4. Bespreking De heer Jan Peumans: Binnen Via-Invest zouden zes projecten gerealiseerd worden. Het eerste was de brug van Temse, maar dat is ondertussen afgevoerd. Een van de motivaties was dat het lastenboek al bestond. Een tweede voorbeeld zijn de werken van de BAM. Hoe beoordelen de sprekers dat project? Kunnen ze een aantal goede Vlaamse voorbeelden van PPS geven? Het enige goede voorbeeld is de nv SOWO Invest, van de firma Van Roey. Het gaat om de realisatie van 239 woningen gedurende 27 jaar. De Vlaamse overheid legt het verschil bij, en 5 percent extra. Uit de woorden van de kabinetschef van minister Keulen op een studiedag voor lokale besturen over PPS, leid ik af dat de minister een afwachtende houding aanneemt. Wallonië heeft met Sofico een aantal goede ervaringen met PPS. Ik denk onder meer aan een stuk van de autosnelweg naar Rijsel, aan de twee autosnelwegen naar Bastenaken en aan de tunnel van Cointe te Luik. Ik hoor weinig kritische opmerkingen over de nadelen van PPS. In het advies van de Inspectie van Financiën staat dat het eigenlijk een uitstel van betaling is voor de overheid omdat ze momenteel geen leningen kan aangaan. Het is geen liefdadigheid. De privésector verdient er flink aan. In De Tijd worden heel kritische opmerkingen gemaakt over alternatieve financiering. Het is een hype, maar welke risico’s loopt de overheid concreet?
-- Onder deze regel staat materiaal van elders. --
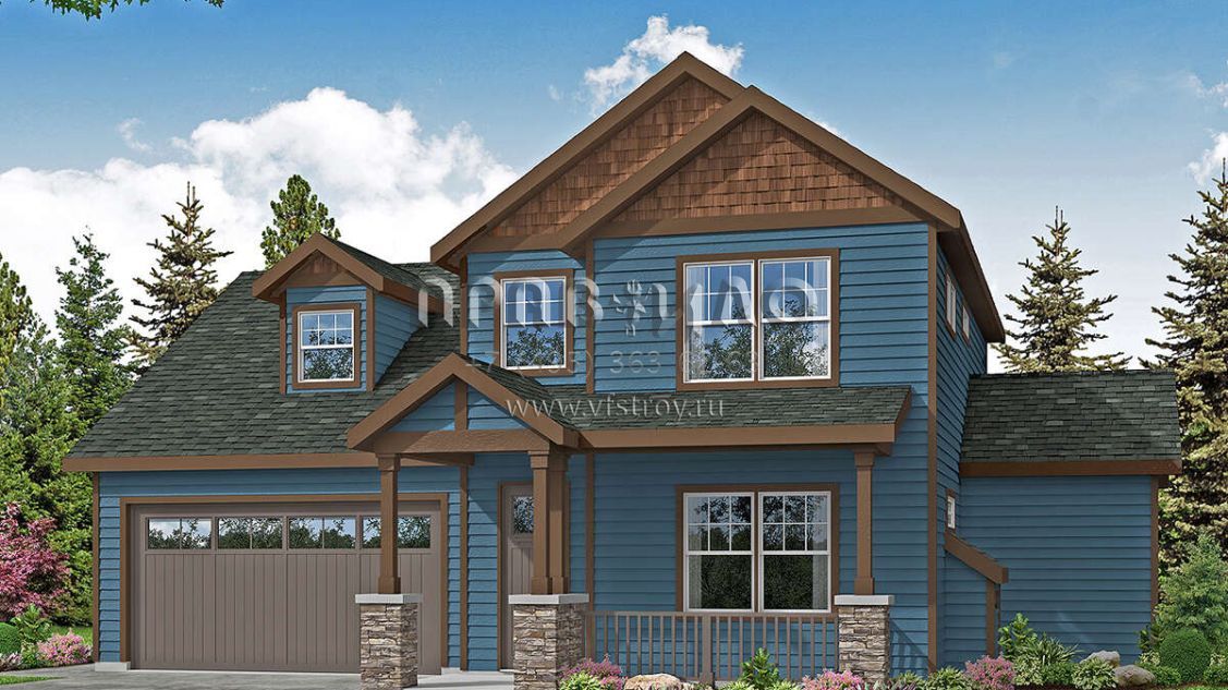 Проект двухэтажного дома с гаражом на две машины в американском стиле S5-165 (035-00901)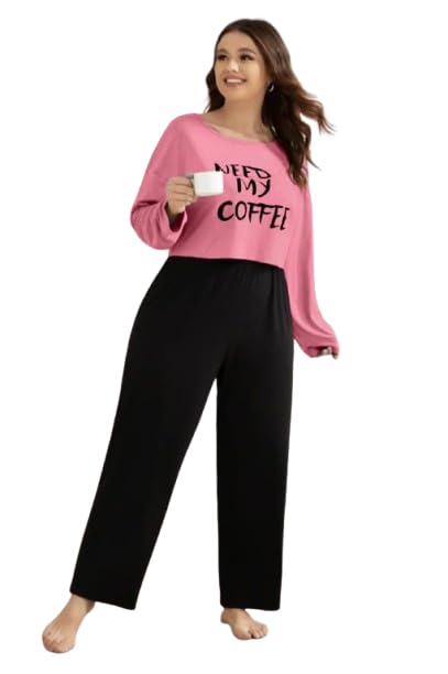 Generic - بيجامه حريمي خريفي - قطن سينجل ليكرا- بنطلون شروال - مقاس بيج سايز من 85 حتى 110 كيلو -لون كشمير- موديل رقم #: 407-236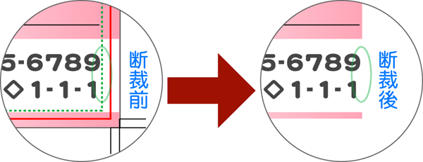 断裁位置(用紙サイズの端)から、3ミリ以内に必要なコンテンツが入っている状態で断裁すると
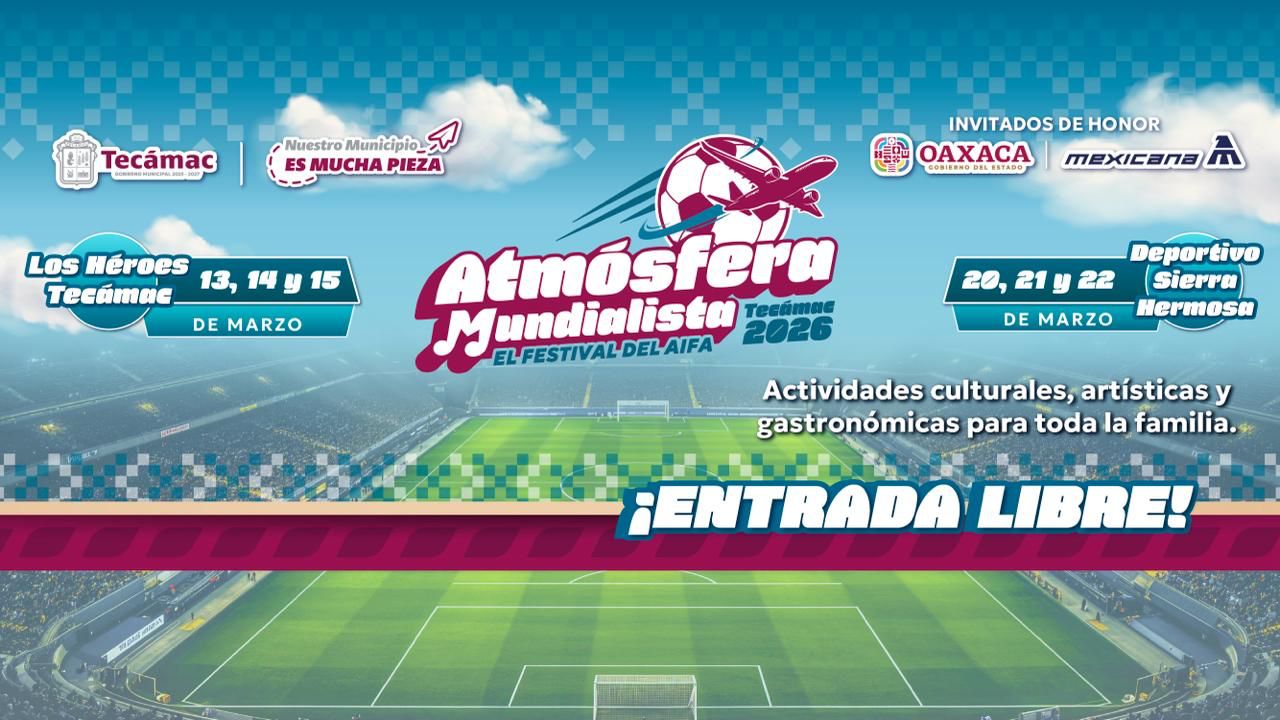 El Festival Atmósfera Mundialista 2026 representa una plataforma para que habitantes y visitantes conozcan todo lo que ofrece Tecámac y confirmen por qué nuestro municipio es mucha pieza. ¡Los esperamos!

Stuk 954 (2006-2007) – Nr. 1
12
De heer Jos Stassen: Hoe ingewikkelder de uitleg, hoe beter bepaalde zaken soms verborgen blijven. Door simpele vragen te stellen, kan er één en ander naar boven komen. PPS is een constructie voor overheidsrealisaties die de overheid niet kan financieren vanwege Europese beperkingen. Daarom besteedt ze de realisaties uit en betaalt ze nadien terug. Het kan toch niet anders dan dat een dergelijke constructie meer kost dan overheidswerken. Anderen moeten immers het risico voor de overheid dragen. Klopt die redenering? De voorbeelden zijn sterk overheidsgebonden. Een deel van de op stapel staande PPS-constructies zijn echter niet rechtstreeks overheidsgebonden in de zin dat er niet gebouwd wordt voor de overheid. Ik denk daarbij aan scholen en rusthuizen en aan de constructie rond CultuurInvest. Het enige dat daarover uitgelekt is, is het systeem van waarborg. Hoe functioneert dat systeem precies? Zal de overheid deelnemen in de VRT-constructie? Zal dat project op korte termijn gerealiseerd worden? De heer Ludo Sannen: PPS is meer dan alternatieve financiering. Het was echter de aanleiding van de gedachtewisseling, vooral inzake infrastructuur. Dat is belangrijk bij de begrotingsbesprekingen. Er is niet alleen Via-Invest, er zijn ook de constructies voor onderwijs en VIPA. PPS kost allicht meer maar dat is voor mij niet het belangrijkste. Het belangrijkste aspect is het risico voor de overheid. Ik heb het gevoel dat het risico minimaal is, maar dat moet zo goed mogelijk verwoord worden om duidelijk te maken dat alles ESR-neutraal is. In de sectoren onderwijs en welzijn gaat het daarenboven meestal om een afnamecontract. Een projectvennootschap die een school bouwt, geeft de garantie voor het ontwerp, de bouw en het beheer. Dat kan allemaal in een contract geschreven worden, maar de vraag is of dat altijd meetbaar is. Daarenboven moet de school verder functioneren, ook als de vennootschap in gebreke blijft. Hoe sterk staat de overheid als de vennootschap haar taken niet naar behoren uitvoert? Is het mogelijk om voldoende sluitende contracten op te stellen zodat de kwaliteit gerealiseerd wordt? Zit de overheid, zeker bij kleine projecten, niet in een positie waaruit ze niet meer terug kan? Ze kan de leerlingen immers niet op straat zetten.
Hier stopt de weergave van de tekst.